He went round by the side door and presently joined Miss Marple.

‘Well,’ he said, ‘is that bumph giving you ideas?’

‘Rather too many ideas,’ said Miss Marple. ‘I’m not often shocked, you know, but this does shock me a little.’

‘What, the private lives of film stars?’

‘Oh no,’ said Miss Marple, ‘not that! That all seems to be most natural, given the circumstances and the money involved and the opportunities for propinquity. Oh, no, that’s natural enough. I mean the way they’re written about. I’m rather old-fashioned, you know, and I feel that that really shouldn’t be allowed.’

‘It’s news,’ said Dermot Craddock, ‘and some pretty nasty things can be said in the way of fair comment.’

‘I know,’ said Miss Marple. ‘It makes me sometimes very angry. I expect you think it’s silly of me reading all these. But one does so badly want to be in things and of course sitting here in the house I can’t really know as much about things as I would like to.’
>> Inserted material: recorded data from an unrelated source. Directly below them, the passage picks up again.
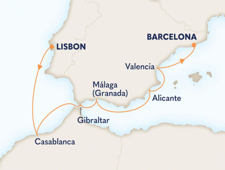 バルセロナへのクルーズでは、カサブランカの活気ある市場を散策し、ジブラルタル海峡の美しい景観を楽しむひとときを過ごします。マラガとマヨルカでは、絶品タパスを堪能しながら、スペインの食文化を満喫できる贅沢な旅が待っています。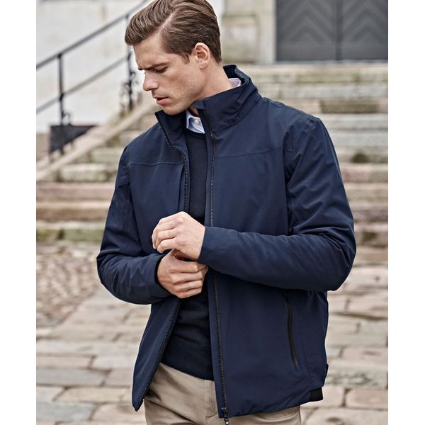Dvoslojna funkcionalna tkanina, vodootporna (8 000 mm vodenog stupca), prozračna (3 000 g/m² u 24 sata), podignuti ovratnik, elastični porub i traka na otvoru za ruke, podstavljeni džepovi s patentnim zatvaračem, unutarnji džep, zapečaćeni šavovi, pristup ukrasima na Materijal: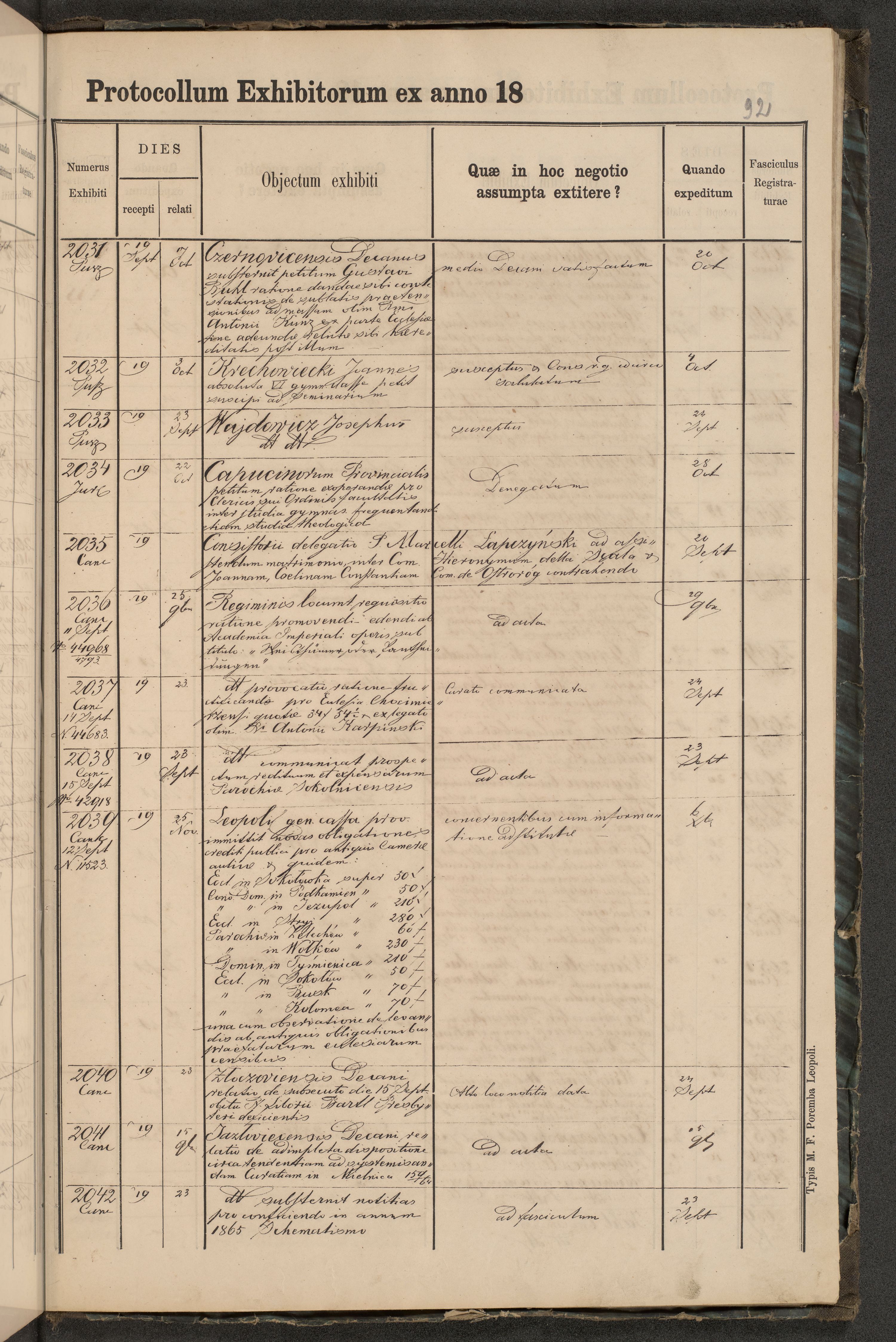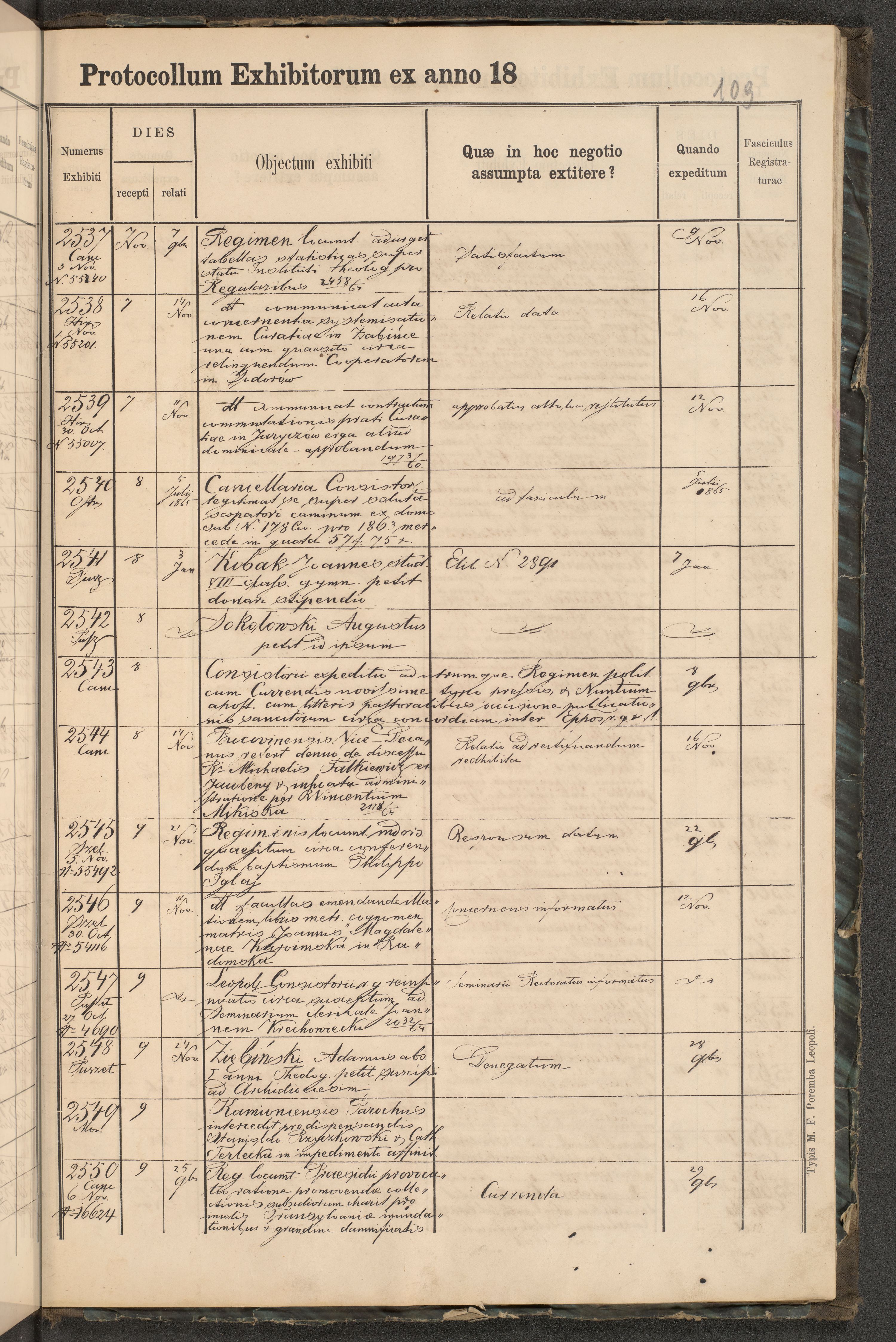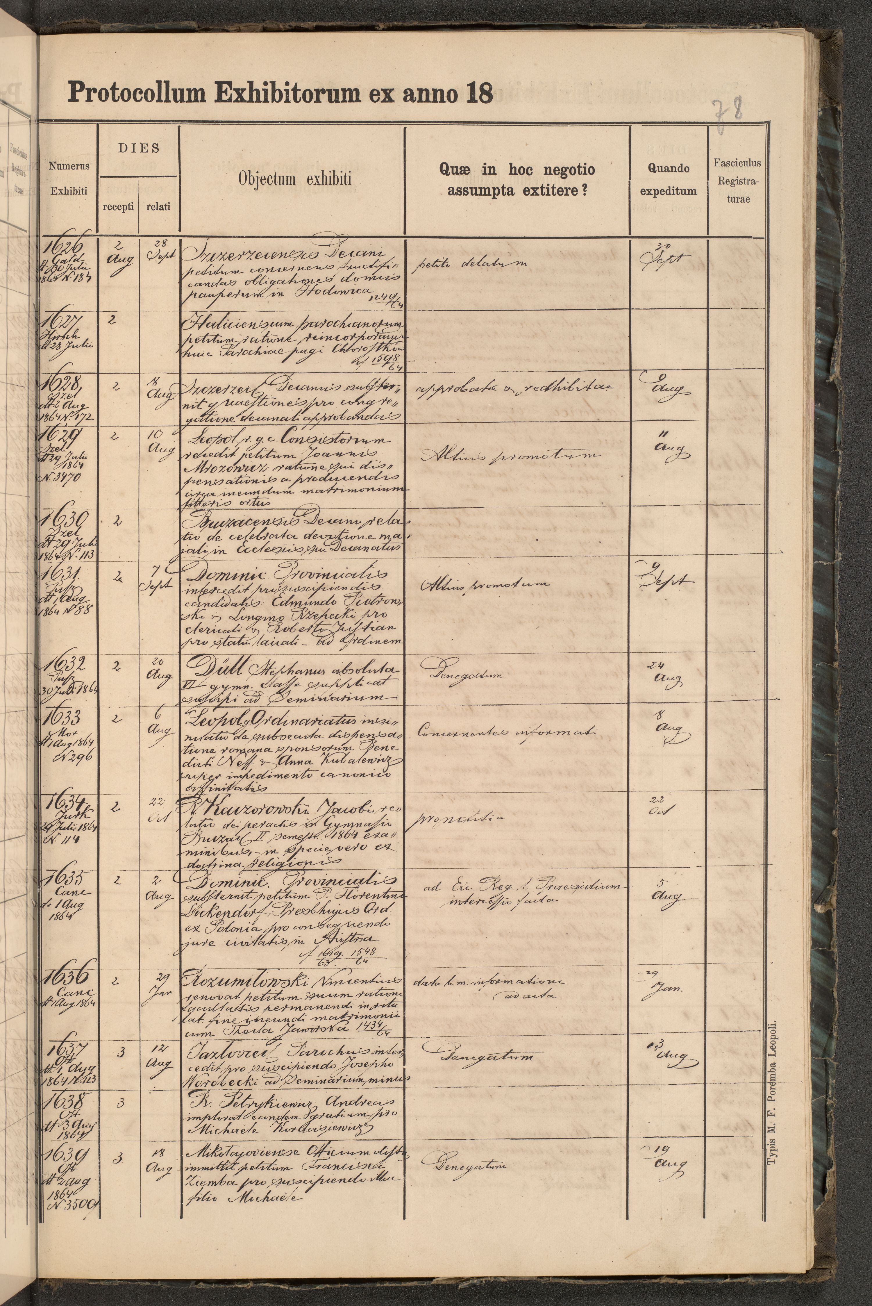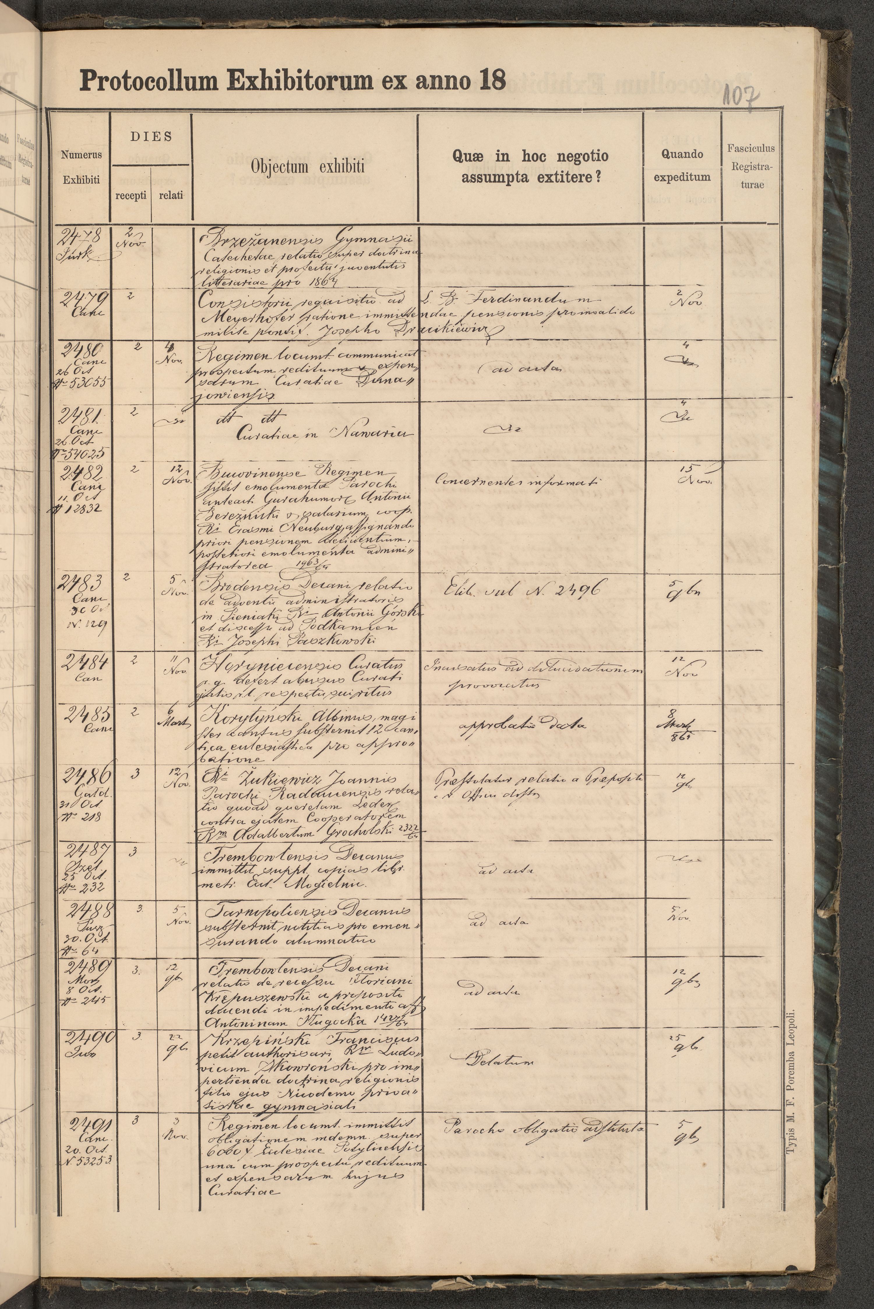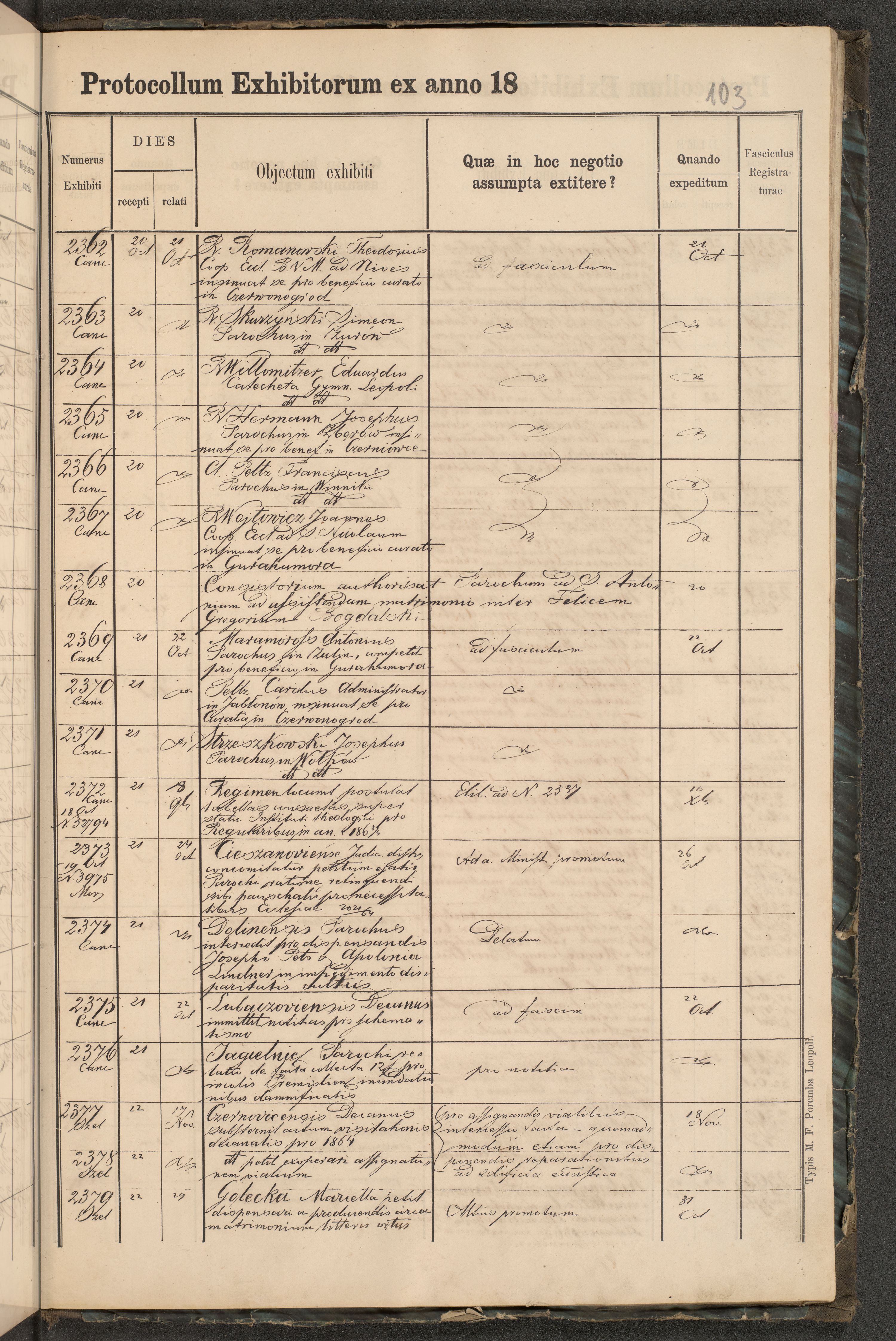 Protocollon exhibitorum in Ecclesiasticis ex anno 1864

‘That’s just what I thought,’ said Dermot Craddock, ‘and that’s why I’ve come to tell you about them.’

‘But, my dear boy, excuse me, would your superiors really approve of that?’

‘I don’t see why not,’ said Dermot. ‘Here,’ he added, ‘I have a list. A list of people who were there on that landing during the short time of Heather Badcock’s arrival until her death. We’ve eliminated a lot of people, perhaps precipitately, but I don’t think so. We’ve eliminated the mayor and his wife and Alderman somebody and his wife and a great many of the locals, though we’ve kept in the husband. If I remember rightly you were always very suspicious of husbands.’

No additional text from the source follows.